Preferably, we developed a prognostic scoring system for GC based on the above results. We applied a stepwise canonical discriminant analysis to identify a gene signature that is able to classify patients into good or bad prognosis with 100% accuracy. Finally we identified 53 specific biomarker genes for the prognosis of GC, and the scoring system yielded 100% accuracy in prognosis prediction. The genes specifically include: (1) cell cycle related genes: CEP55, MCM2, PRC1, SCNN1B, TUBB; (2) acetylation related genes: ADNP, ABCE1, CBFB, CHORDC1, CCT6A, GART, SMS; (3) RNA/ncRNA process related genes: NOL8, NCL, PN01; (4) extracellular matrix related genes: APOE, APOC1, CXCL10, COL6A3, CPXM1, GABBR1, INHBA, LAMC2, MMP14, TNFAIP2; and (5) other genes: ADH1C, ALDH6A1, ATP13A3, BAZ1A, BCAR3, CAPRIN1, CXCL1, CCT2, ECHD2, ETFDH, ENC1, EPHB4, FHOD1, FGFR4, KAT2A, KLF4, LRRC41, LIMK1, OSMA, PTGS1, PGRMC2, P4HA1, PDP1, PRR7, SCC12A9, SLC20A1, TGS1, and TCERG1 (FIG. 3).

The prognostic scoring system predicts survival probability of a GC patient using the calculated prognostic score. A prognostic score was defined as the linear combination of gene expression levels based on canonical discriminant function. The calculation formula is shown below:

Prognostic score:=Σ_i=1⁵³(Canonical discriminant function coefficient)*(gene expression level)

Note: The canonical discriminant function coefficients are presented in Table 2.

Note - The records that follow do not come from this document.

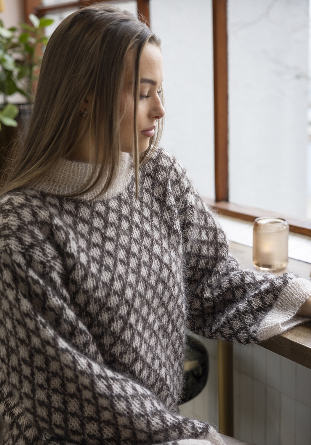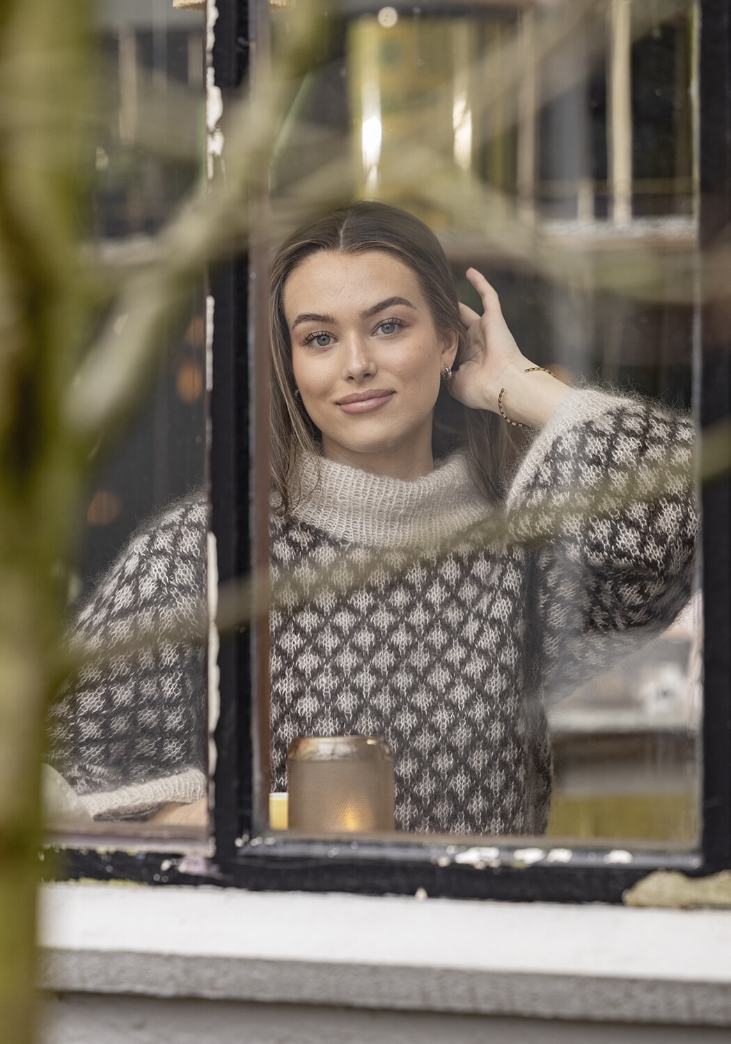 Strikkefasthet: 16 m glattstrikk i bredden med 2 tråder Kid Cotton på pinne nr 5 eller 6 måler ca 10 cm. Husk at strikkefastheten må holdes hvis resultatet skal bli vellykket.
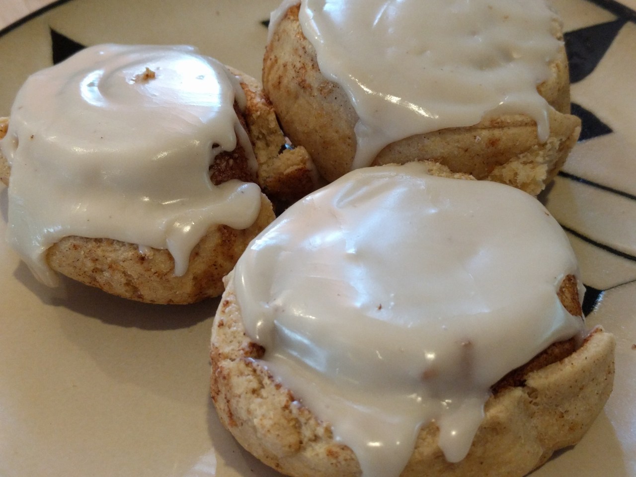 While they are in the oven, whisk together the powdered sugar and 1-2 tbs. of almond milk to make the icing for the rolls.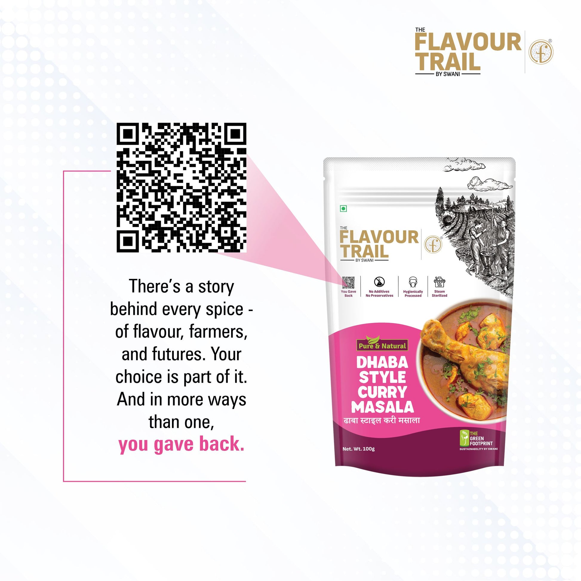 You know him - the dhaba chef with the stained apron, the loud laugh, and the secret spice mix. We stole his thunder (and maybe his masala) so you could stir up that roadside brilliance at home. This masala brings that same magic - thick, spicy, soul-hugging curry that clings to chicken like gossip in a tea stall. Ingredients :Â Mixed Spices (Red Chilli, Cardamom, Coriander, Chat Masala, Amchur, Cumin, Ginger, Turmeric), Iodized Salt, Maltodextrin, Edible Vegetable Oil (Soyabean Oil), Dehydrated Vegetable Powder (Garlic, Fenugreek Leaf), Spice Extracts, Flavour Enhancer (INS 627, INS 631), Natural Food Color (INS 100(i)), Anticaking Agent (INS 551). Allergen Info: May Contain Wheat, Oats, Barley, Soy and Milk.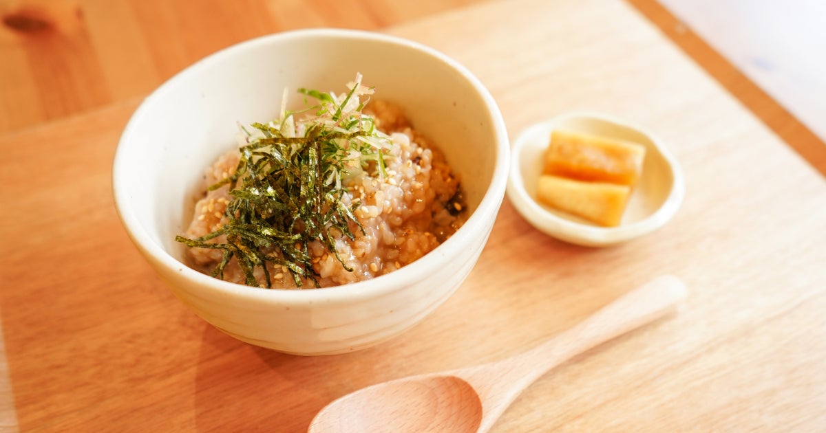 - 玄米・しいたけ・大葉・みょうが・生姜・ごま・海苔・醤油・粗塩・七味・自家製精進出汁汁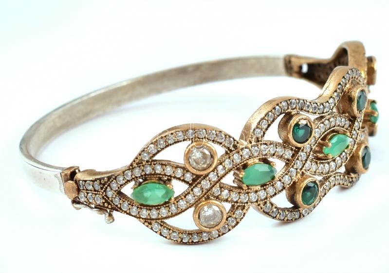 Leírás: Aranyozott ezüst(Ag) kövekkel gazdagon kirakott karperec, jelzett, 5×5,5 cm, bruttó: 19,33 g

If the prognostic score is ≤−2, we defined that the patient had good signature; and if the prognostic score is >−2, we defined the patient as bad signature (Refer to FIG. 4). We evaluated the accuracy of this prognostic scoring system using data from the TCGA dataset. As shown in FIG. 5, the patients with good signature had significantly longer survival than those with bad signature. More than 50% of patients with good signature still survived after 100 months while all patients with bad signature died before 80 months. In conclusion, our test results had shown the distributions of prognostic score in good and bad prognostic patients were clearly discriminative (FIG. 5), indicating that this prognostic scoring system has its discriminative ability to distinguish good prognostic patients from bad prognostic patients. We obtained similar accurate results using the GSE15459 dataset (Refer to Example 2 and FIG. 6).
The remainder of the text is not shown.